1、 Convening of the board of directors

The 18th meeting of the 5th board of directors of Hiconics Eco-Energy Technology Co.Ltd(300048) (hereinafter referred to as “the company”) was held on February 18, 2022 by combining on-site and communication meetings, and the meeting notice was delivered by mail and telephone on February 15, 2022. There are 7 directors who should attend the meeting and 7 directors who actually attend the meeting. Some supervisors and senior managers of the company attended the meeting as nonvoting delegates. The meeting was presided over by Mr. Fu Yongjun, chairman of the board. The convening and procedures of the meeting comply with the provisions of relevant national laws, administrative regulations, departmental rules and the articles of association. After careful deliberation, the directors attending the meeting formed the following resolutions:

2、 Deliberations of the board meeting

1. Deliberated and passed the proposal on equity transfer, debt restructuring and related party transactions of subsidiaries

The company plans to transfer the 4% equity of Hangzhou HENGLING Technology Co., Ltd. (hereinafter referred to as “Hangzhou Hengling”) to Shanghai Shangfeng Group Co., Ltd. (hereinafter referred to as “Shangfeng group”) and Mr. Ye Jinwu for RMB 9.52 million. It is proposed to transfer 71.25% of the equity of Wuhan Hekang Electric Drive Technology Co., Ltd. (hereinafter referred to as “electric drive”) to Mr. Li Shunzhang for 1 yuan. After the completion of the above transactions, the company will no longer hold the equity of Hangzhou Hengling and electric drive, and electric drive will no longer be the holding subsidiary of the company and will no longer be included in the scope of the company’s consolidated statements.

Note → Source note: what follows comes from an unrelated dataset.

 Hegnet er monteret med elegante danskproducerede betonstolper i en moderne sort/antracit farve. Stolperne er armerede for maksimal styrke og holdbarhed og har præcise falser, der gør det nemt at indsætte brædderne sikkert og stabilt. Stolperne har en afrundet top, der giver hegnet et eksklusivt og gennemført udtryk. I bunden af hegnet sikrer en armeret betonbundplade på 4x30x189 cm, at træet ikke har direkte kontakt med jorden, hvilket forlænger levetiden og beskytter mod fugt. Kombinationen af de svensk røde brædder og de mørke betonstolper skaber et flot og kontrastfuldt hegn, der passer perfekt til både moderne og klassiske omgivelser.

By the end of 2021, the net assets of electric drive were -12.13 million and the liability to the company was 14.43 million yuan. The company plans to partially exempt the debt of electric drive. After Exemption, the liability of electric drive to the company is 9.18 million yuan, and Shangfeng group and ye Jinwu shall be jointly and severally liable for payment.

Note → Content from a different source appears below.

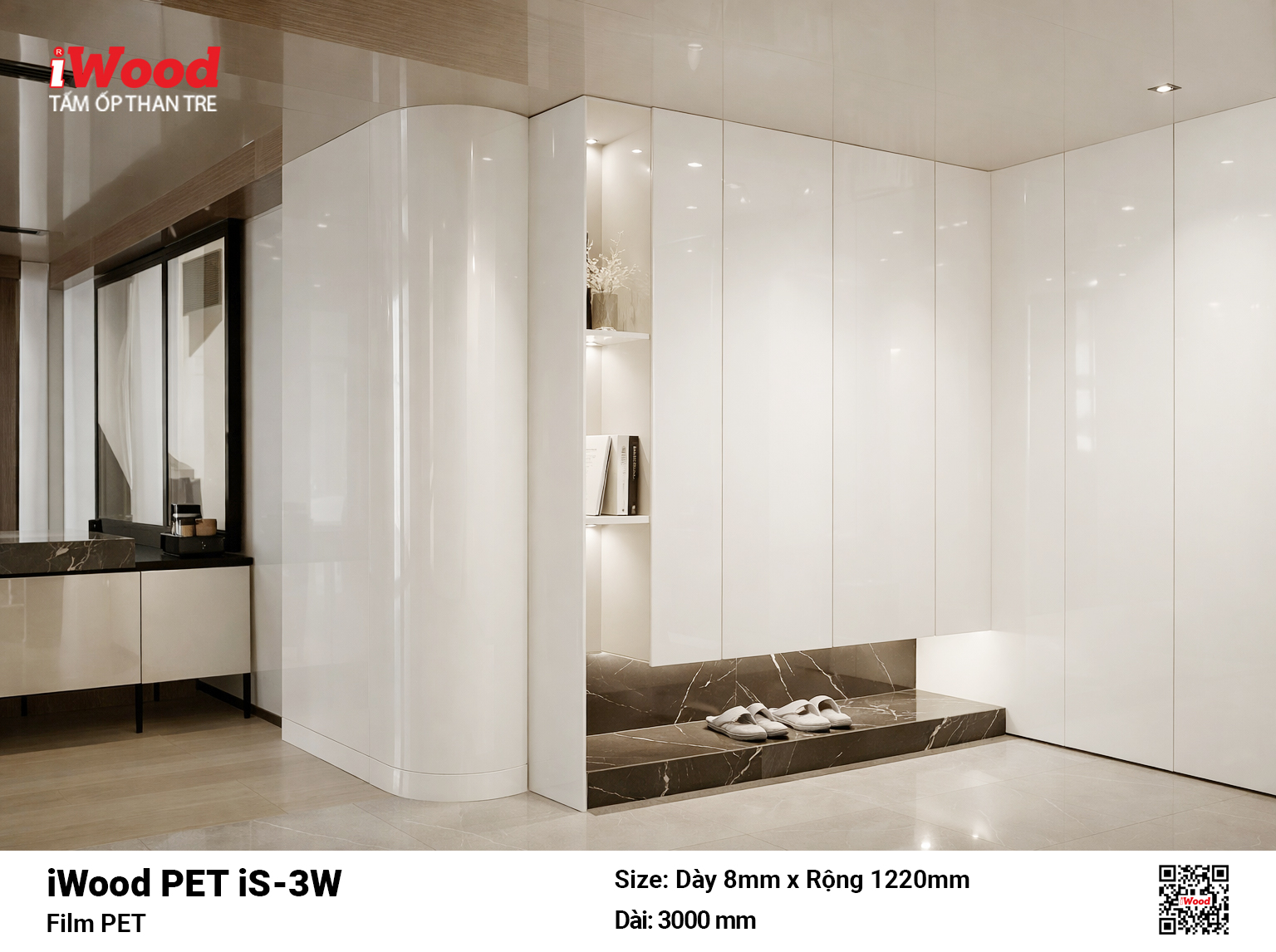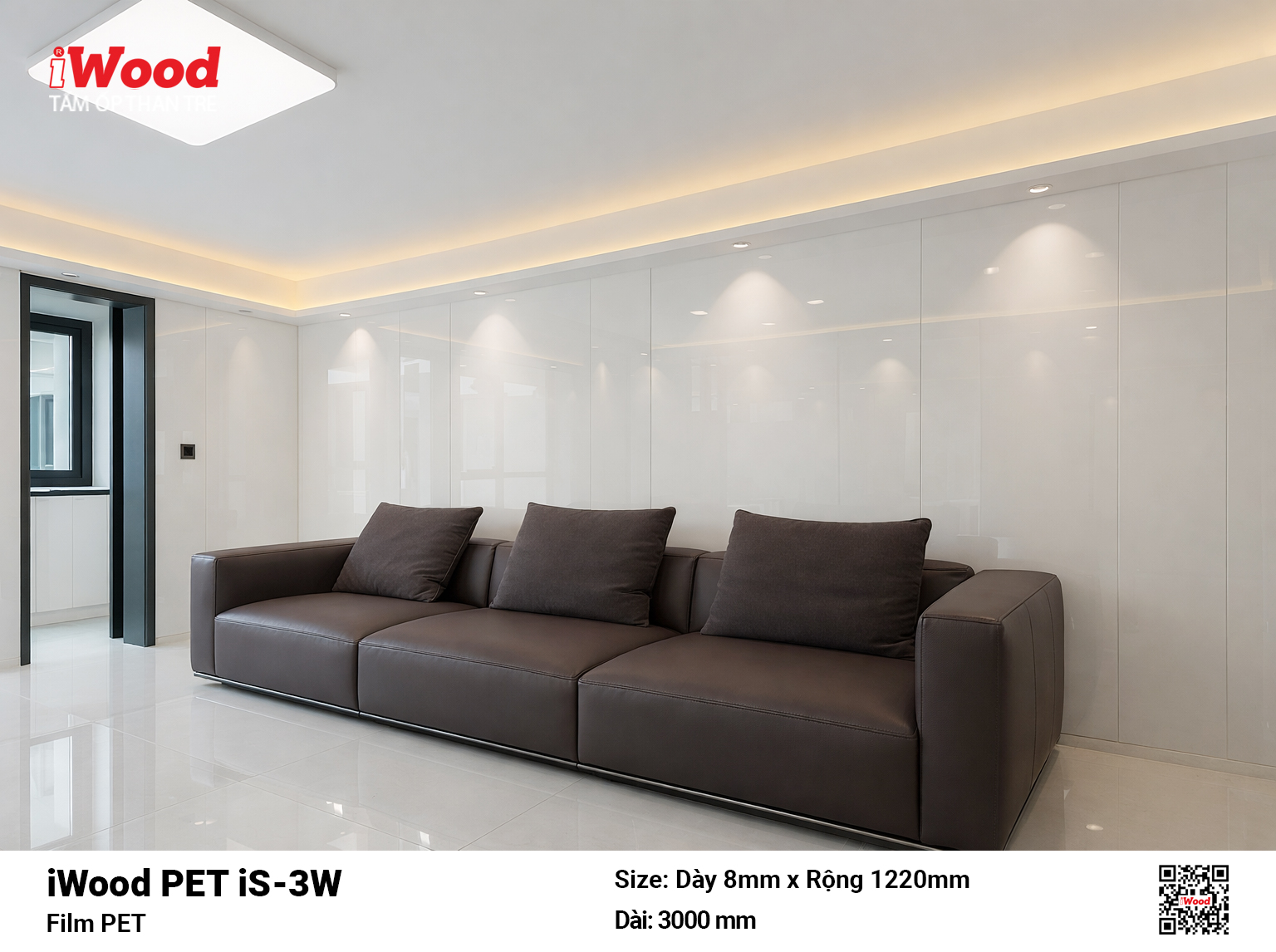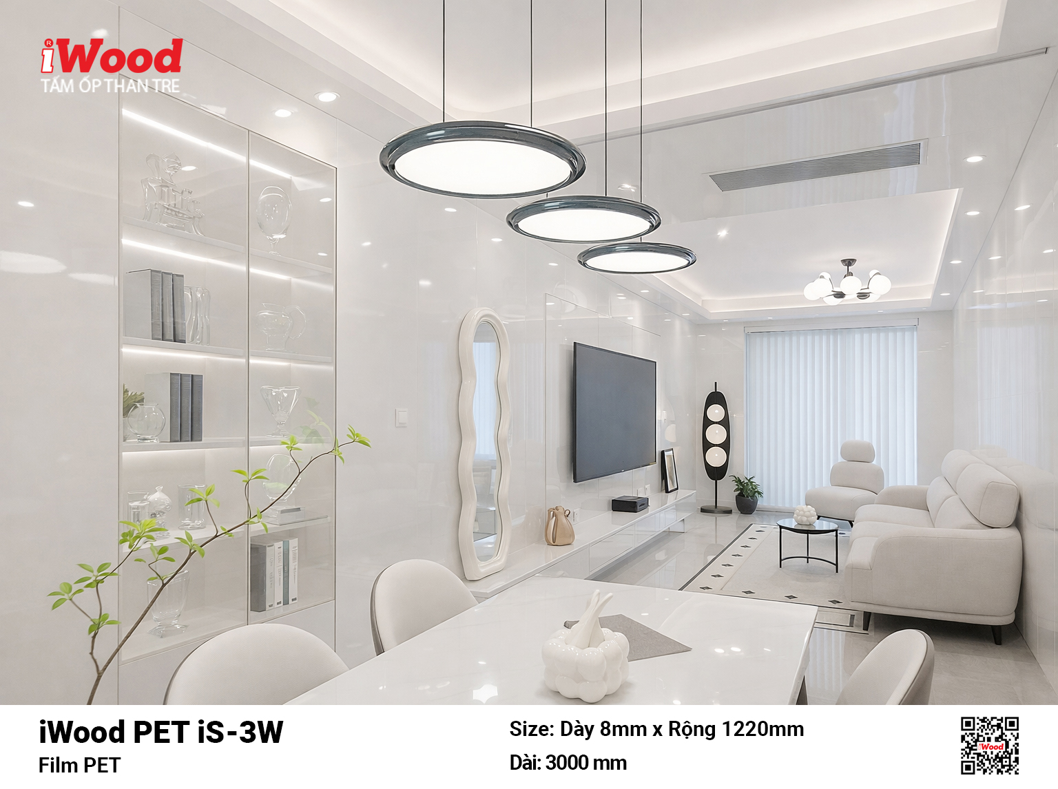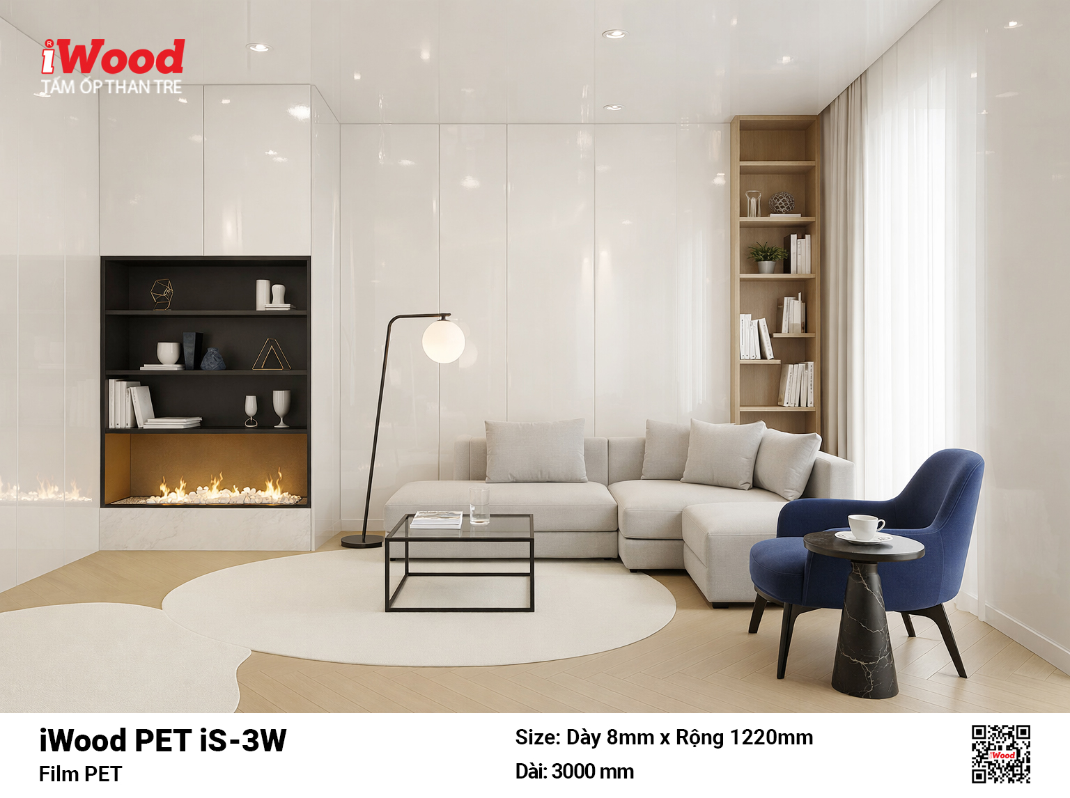 Phối Cảnh_Tấm ốp than tre film PET iS-3W, Tấm Than Tre Film PET Phối Cảnh 3DTấm Ốp Than Tre Film PET iS-3W Tấm Than Tre Film PET iS-3W màu trắng ngà mang sắc kem sữa thanh lịch, bề mặt film PET bóng mịn giúp không gian sáng hơn và hiện đại hơn. Phù hợp ốp tường, vách tivi, phòng khách, showroom – dễ phối cùng lam sóng và sàn gỗ, bền đẹp và dễ vệ sinh.

Announcement of resolutions of the 18th meeting of the 5th board of directors

This proposal has been approved and approved by independent directors in advance. For details, see the announcement on equity transfer and related party transactions of subsidiaries disclosed by the company on the same day on the information disclosure website designated by the CSRC.

The proposal was adopted with 7 affirmative votes, 0 negative votes and 0 abstention.

2. Deliberated and adopted the proposal on by election of members of the audit committee of the Fifth Board of directors

According to the relevant provisions of the Shenzhen Stock Exchange GEM Listing Rules, self regulatory guidelines for listed companies No. 2 – standardized operation of companies listed on the gem, and the articles of association, the audit committee of the board of directors of the company shall be composed of three directors. Mr. Zhao Dongye, the former director, resigned as a member of the audit committee of the board of directors due to job transfer, One director is currently vacant. In order to ensure the normal operation of the company’s board of directors, upon nomination by the nomination committee of the board of directors, the board of directors agreed to elect Mr. Wu Dehai, a director of the company, as a member of the audit committee of the Fifth Board of directors of the company. His term of office starts from the date of adoption of the election by the board of directors to the date of expiration of the Fifth Board of directors of the company. His duties, authorities, decision-making procedures and rules of procedure shall be implemented in accordance with the relevant rules of procedure.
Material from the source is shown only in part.